(Records from a dataset)
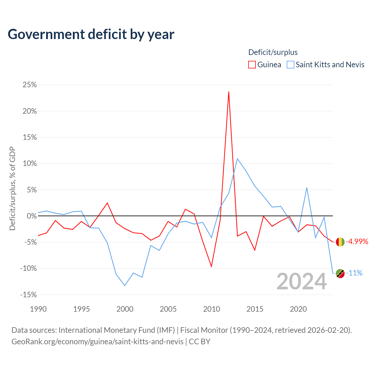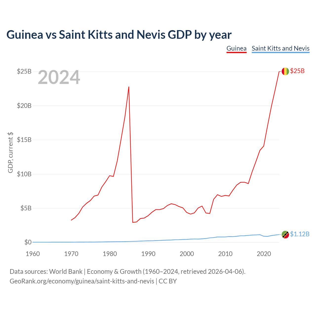 Guinea has a GDP of $25B compared to $1.12B for Saint Kitts and Nevis, ranking 118/197 and 187/197 by economy size, respectively.
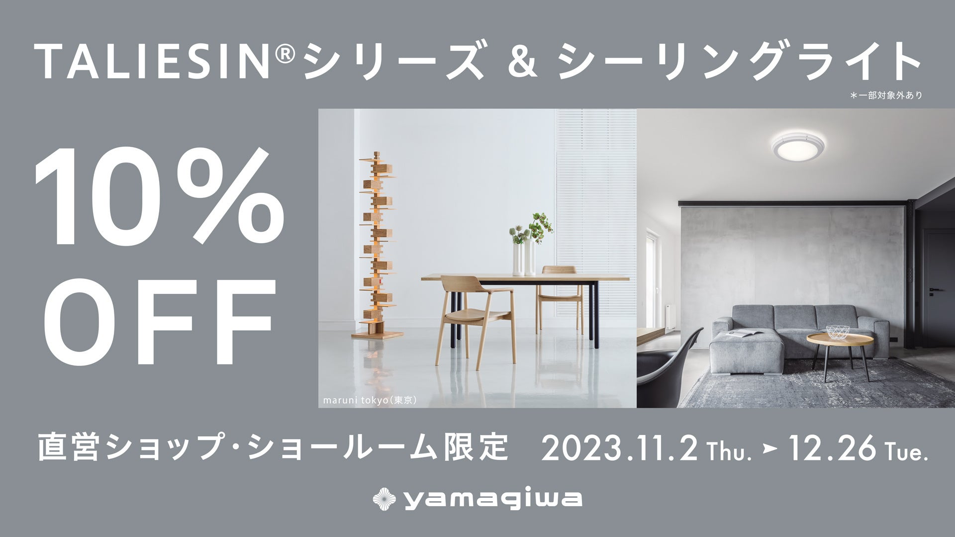 YAMAGIWA直営ショップ・ショールームでは、2023年11月2日から12月26日まで、TALIESIN®シリーズとシーリングライトを対象に商品本体価格より10%割引でお求めいただけるキャンペーンを実施いたします。
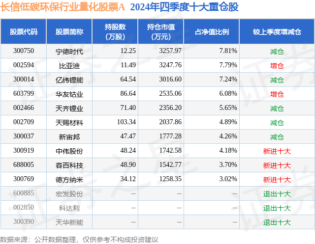 根据2024基金年报公募基金重仓股数据,重仓该股的公募基金共1家,其中持有数量最多的公募基金为长信低碳环保行业量化股票A。长信低碳环保行业量化股票A目前规模为2.87亿元,最新净值1.4457(3月3日),较上一交易日上涨3.1%,近一年上涨16.49%。该公募基金现任基金经理为左金保 姚奕帆。左金保在任的基金产品包括:长信量化中小盘股票,管理时间为2015年3月13日至今,期间收益率为92.03%;长信量化先锋混合A,管理时间为2015年3月13日至今,期间收益率为69.8%;长信电子信息量化灵活配置混合A,管理时间为2016年7月27日至今,期间收益率为9.3%;姚奕帆在任的基金产品包括:长信消费精选量化股票A,管理时间为2022年1月28日至今,期间收益率为-35.46%;长信量化价值驱动混合A,管理时间为2022年1月28日至今,期间收益率为5.87%;长信中证科创创业50指数增强A,管理时间为2023年1月31日至今,期间收益率为-3.27%。
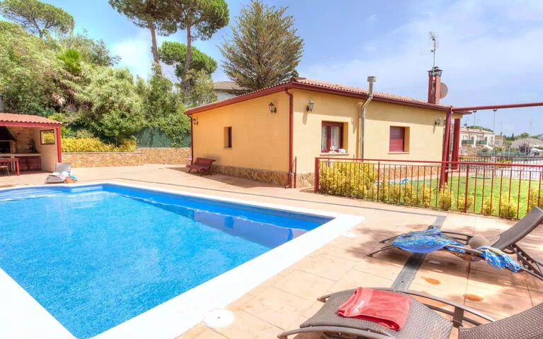 Grosses, gemütliches, komfortables Haus "Farigola", auf 2 Stockwerken. Im Ortsteil Aguaviva, 9 km vom Zentrum von Lloret de mar, 9 km vom Meer, 9 km vom Strand. Zur Alleinbenutzung: Schwimmbad (9 x 4 m, 100 - 180 cm tief, saisonale Verfügbarkeit: 06.Apr. und 18.Okt.). Terrasse (150 m2), Gartenmöbel, Grill (Schaukel). Treppenweg (15 Stufen) bis zum Haus. Öffentliche Parkplätze auf der Strasse. Einkaufsgeschäft 9 km, Supermarkt 8 km, Restaurant 9 km, Bar 9 km, Sandstrand "Playa de fenals" 9 km. Nahe gelegene Sehenswürdigkeiten: Water World Lloret 8 km, Marin Land 16 km. Bitte beachten: Fahrzeug empfohlen. Geeignet für Familien. Jugendgruppen nur auf Anfrage. Die Nachbarschaft ist sehr lärmempfindlich. Ruhe und gutes Benehmen wird erwartet.
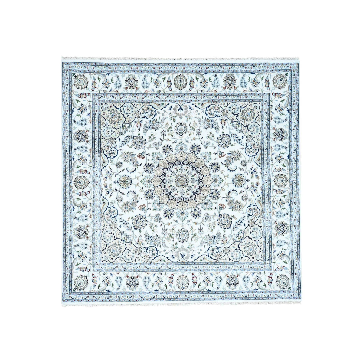 Features- This is a truly genuine one-of-a-kind hand-knotted wool and silk 250 kpsi ivory nain square rug
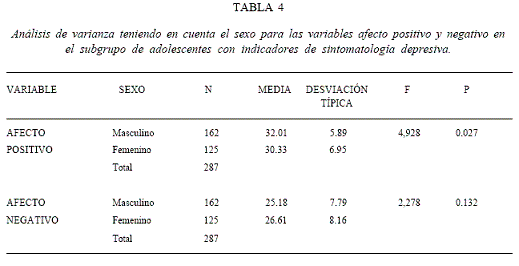Con relación al afecto positivo y negativo se diferencian los adolescentes y las adolescentes solo en el afecto positivo, como se puede extraer de la tabla 4 . Los hombres obtienen puntajes mayores que las mujeres en la manifestación de afecto positivo, aun presentando niveles de sintomatología depresiva. Las mujeres, por su parte presentan menor capacidad de mantener una emocionalidad positiva.
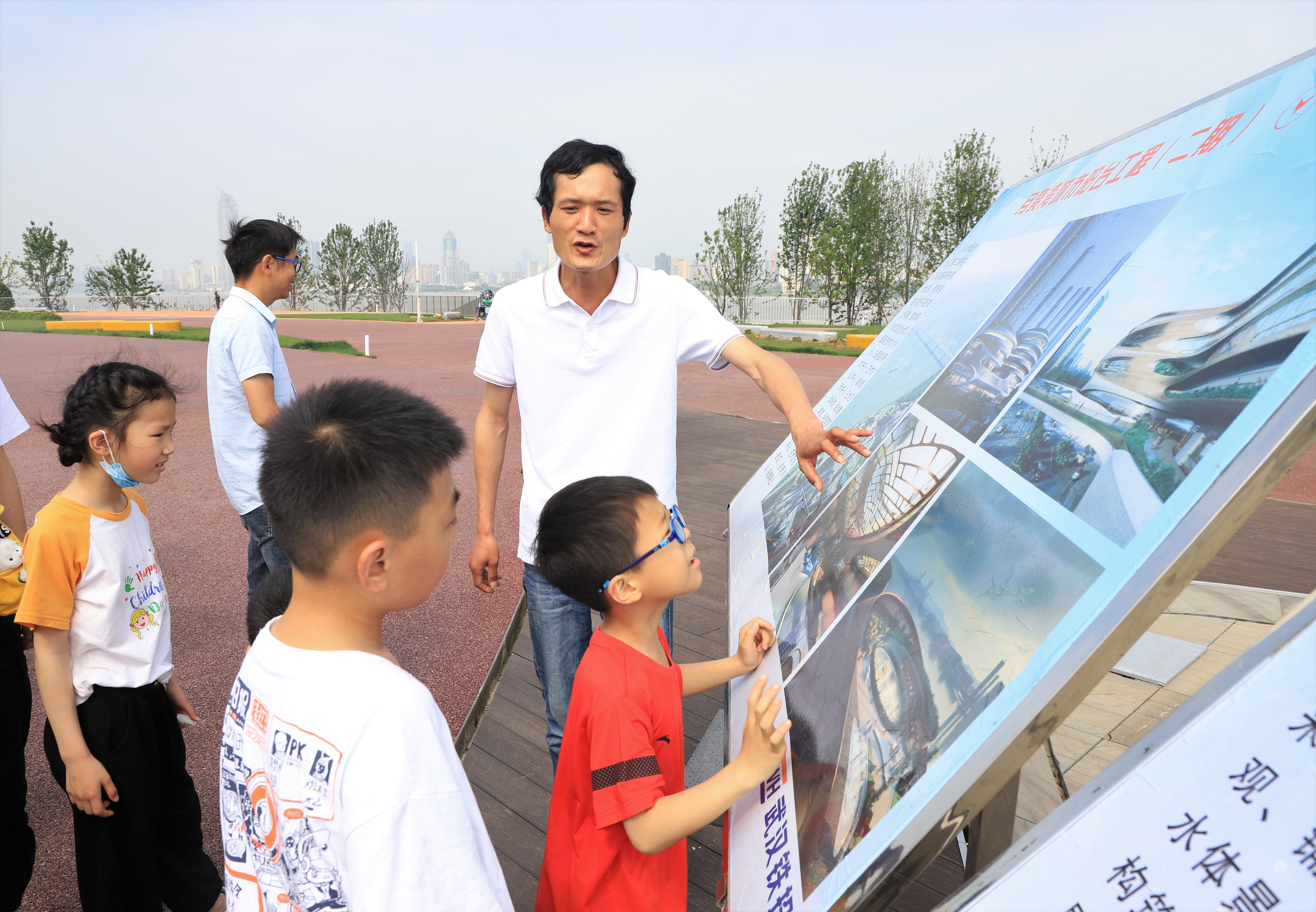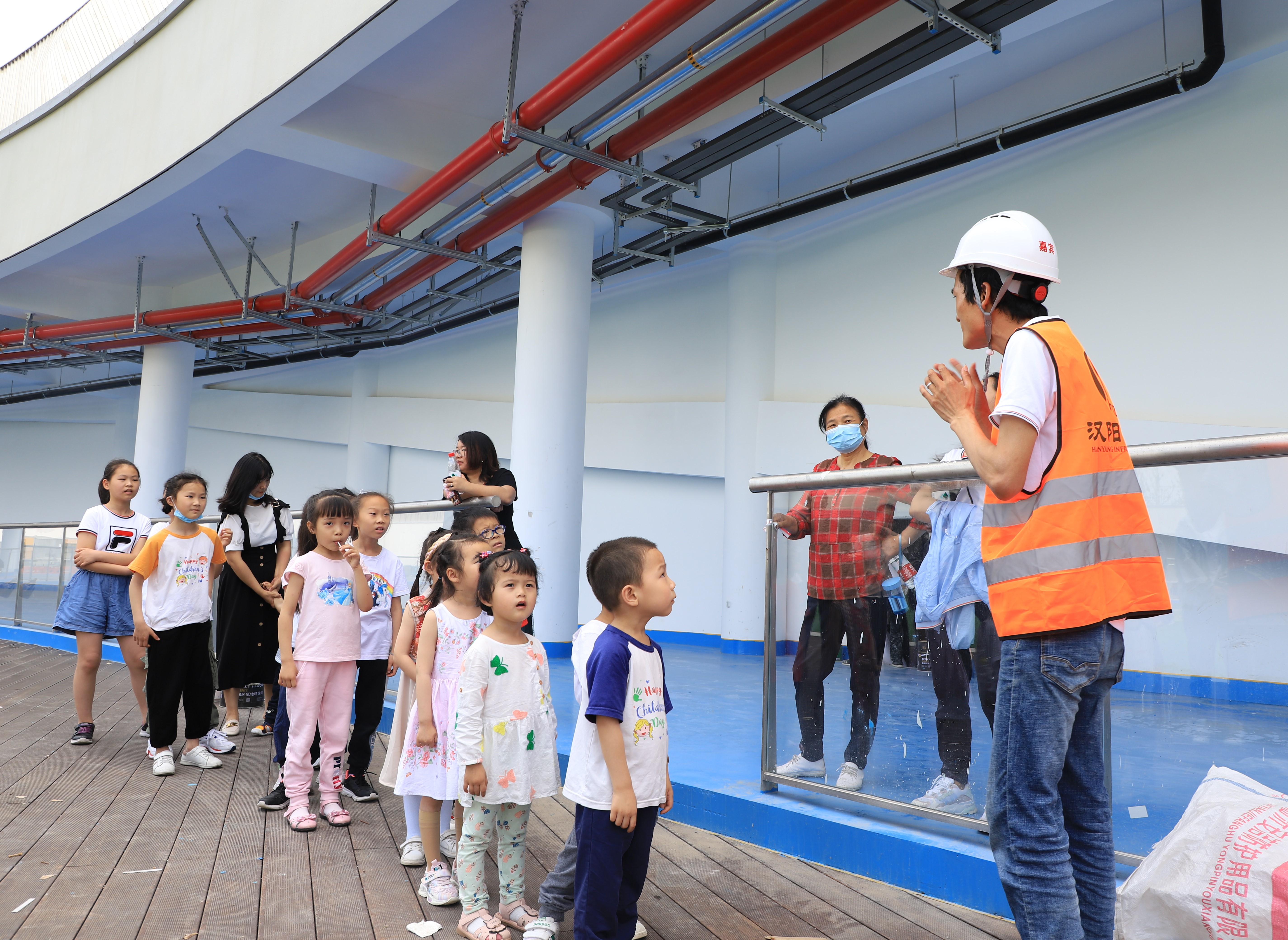 每一座雄宏的建筑,都承載著人們對(duì)美好生活的向往;每一個(gè)精品工程,都是建筑人一磚一瓦堆砌而成;每一位偉大的建筑師,兒時(shí)都曾在心中描繪著未來的樣子?!傲弧被顒?dòng)的第一個(gè)環(huán)節(jié)“父母知多少”,項(xiàng)目安全主管鄭江帶領(lǐng)孩子們參觀月亮灣項(xiàng)目一區(qū)平臺(tái),并講解項(xiàng)目建設(shè)情況,現(xiàn)場(chǎng)施工安全知識(shí)和安全帽、安全背心的正確穿戴方式,讓孩子們身臨其境感受父母的工作環(huán)境、了解父母的工作形象。

• WORK INSTRUCTION
Without the pictures, give back the entries exactly.

• RESPONSE AREA
 Guinea has a GDP of $25B compared to $1.12B for Saint Kitts and Nevis, ranking 118/197 and 187/197 by economy size, respectively.
 YAMAGIWA直営ショップ・ショールームでは、2023年11月2日から12月26日まで、TALIESIN®シリーズとシーリングライトを対象に商品本体価格より10%割引でお求めいただけるキャンペーンを実施いたします。
 根据2024基金年报公募基金重仓股数据,重仓该股的公募基金共1家,其中持有数量最多的公募基金为长信低碳环保行业量化股票A。长信低碳环保行业量化股票A目前规模为2.87亿元,最新净值1.4457(3月3日),较上一交易日上涨3.1%,近一年上涨16.49%。该公募基金现任基金经理为左金保 姚奕帆。左金保在任的基金产品包括:长信量化中小盘股票,管理时间为2015年3月13日至今,期间收益率为92.03%;长信量化先锋混合A,管理时间为2015年3月13日至今,期间收益率为69.8%;长信电子信息量化灵活配置混合A,管理时间为2016年7月27日至今,期间收益率为9.3%;姚奕帆在任的基金产品包括:长信消费精选量化股票A,管理时间为2022年1月28日至今,期间收益率为-35.46%;长信量化价值驱动混合A,管理时间为2022年1月28日至今,期间收益率为5.87%;长信中证科创创业50指数增强A,管理时间为2023年1月31日至今,期间收益率为-3.27%。
 Grosses, gemütliches, komfortables Haus "Farigola", auf 2 Stockwerken. Im Ortsteil Aguaviva, 9 km vom Zentrum von Lloret de mar, 9 km vom Meer, 9 km vom Strand. Zur Alleinbenutzung: Schwimmbad (9 x 4 m, 100 - 180 cm tief, saisonale Verfügbarkeit: 06.Apr. und 18.Okt.). Terrasse (150 m2), Gartenmöbel, Grill (Schaukel). Treppenweg (15 Stufen) bis zum Haus. Öffentliche Parkplätze auf der Strasse. Einkaufsgeschäft 9 km, Supermarkt 8 km, Restaurant 9 km, Bar 9 km, Sandstrand "Playa de fenals" 9 km. Nahe gelegene Sehenswürdigkeiten: Water World Lloret 8 km, Marin Land 16 km. Bitte beachten: Fahrzeug empfohlen. Geeignet für Familien. Jugendgruppen nur auf Anfrage. Die Nachbarschaft ist sehr lärmempfindlich. Ruhe und gutes Benehmen wird erwartet.
 Features- This is a truly genuine one-of-a-kind hand-knotted wool and silk 250 kpsi ivory nain square rug
Con relación al afecto positivo y negativo se diferencian los adolescentes y las adolescentes solo en el afecto positivo, como se puede extraer de la tabla 4 . Los hombres obtienen puntajes mayores que las mujeres en la manifestación de afecto positivo, aun presentando niveles de sintomatología depresiva. Las mujeres, por su parte presentan menor capacidad de mantener una emocionalidad positiva.
 每一座雄宏的建筑,都承載著人們對(duì)美好生活的向往;每一個(gè)精品工程,都是建筑人一磚一瓦堆砌而成;每一位偉大的建筑師,兒時(shí)都曾在心中描繪著未來的樣子?!傲弧被顒?dòng)的第一個(gè)環(huán)節(jié)“父母知多少”,項(xiàng)目安全主管鄭江帶領(lǐng)孩子們參觀月亮灣項(xiàng)目一區(qū)平臺(tái),并講解項(xiàng)目建設(shè)情況,現(xiàn)場(chǎng)施工安全知識(shí)和安全帽、安全背心的正確穿戴方式,讓孩子們身臨其境感受父母的工作環(huán)境、了解父母的工作形象。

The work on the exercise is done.